Continue to date and court your partner through prioritizing quality time together and don’t let the busyness of life get in the way. Try to find time every week to be present and engaged with each other.

Also Prioritize what is important to your partner and make it important to you.

4. Accountability Taking

One of the best strategies to dissolve conflict is accountability taking. Accountability taking is the opposite of defensiveness, which involves minimizing, deflecting, defending, or avoiding. Instead, accountability taking involves owning your contribution to conflict and what you do (or don’t do) that influences tension in the relationship.

For example:

  • “I know that when I’m late coming home and don’t let you know, it causes you worry”
  • “I take responsibility for not following through on what I said I would do”
  • “I know my aggressive tone isn’t helpful when you’re trying to tell me how you feel”

5. Build Goodwill and Fondness

Remember the good qualities of your partner and what you love/appreciate about them and share this with them. Having a warm heart towards your partner helps the relationship feel positive and stable as well as reduces any resentment.

Relationships that feel connected and happy have a ratio of 5 positive interactions to 1 negative interaction (to learn more about this, click here).

6. Assertive Communication

Assertiveness is the ability to express your feelings and ask for what you need in the relationship. Rather than assuming your partner can read your mind, share how you feel and ask clearly and directly for what you want/need. When sharing a need with your partner, it is important for it to be an affirmative need that invites your partner in. Rather than a negative need where you find blame/fault in what your partner is doing, in which case your partner will likely feel criticized.

Here are some examples of assertive communication:

  • “I am feeling lonely. I’d love for us to prioritize some time together this weekend”
  • “I am feeling overwhelmed and stressed. I would really appreciate and need your help cooking dinner this week”

7. Compromise

The most effective form of compromise in a relationship isn’t the kind where 50% of the time it’s done your way and 50% of the time your partner’s way.
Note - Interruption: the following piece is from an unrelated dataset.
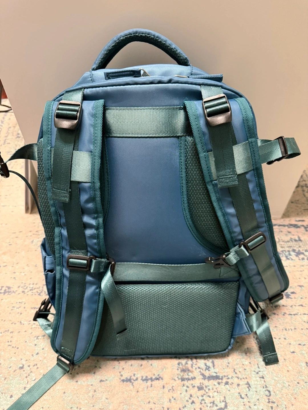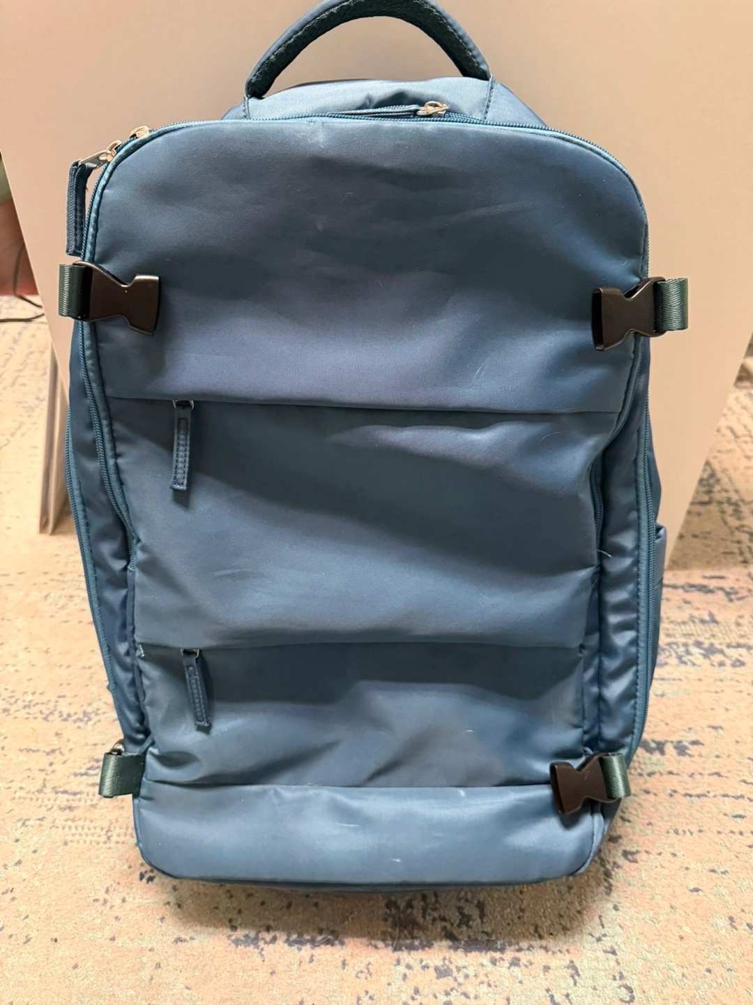 This blue travel backpack is perfect for your next trip! It features a USB charger port design, so you can easily connect your phone or power bank. It's lightweight and portable, making it easy to carry around.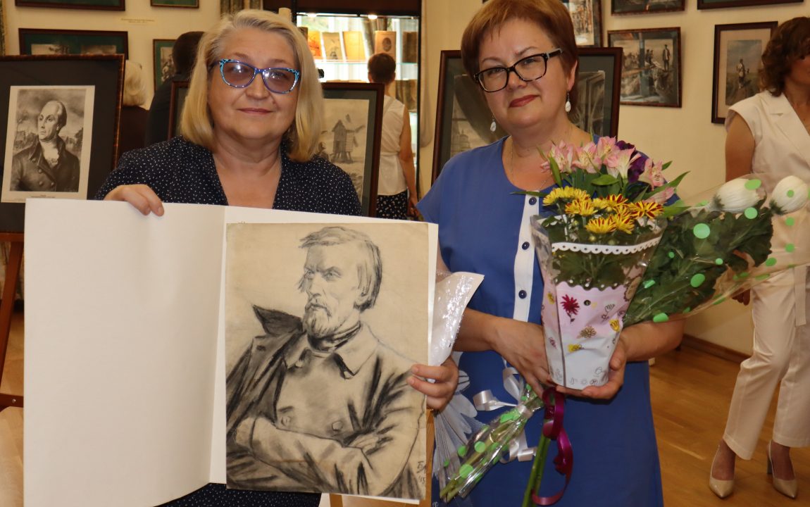 На презентации Татьяна Васильева преподнесла в дар Литературному музею несколько работ отца — портрет Белинского, выполненный карандашом, и три пастельных рисунка к произведениям Лермонтова.

The most effective compromise is when you understand what’s important to your partner about their position and they understand what is important to you, and both of those important pieces are supported.

Some useful conversation starters around compromise are:

  • Help me understand what is so important to you about …
  • What can you compromise on?
  • What can’t you compromise on?
  • What values underly your position?

8. Noticing

Notice more what your partner does do, not what they don’t do. When you do this, you create a relationship environment based on appreciation.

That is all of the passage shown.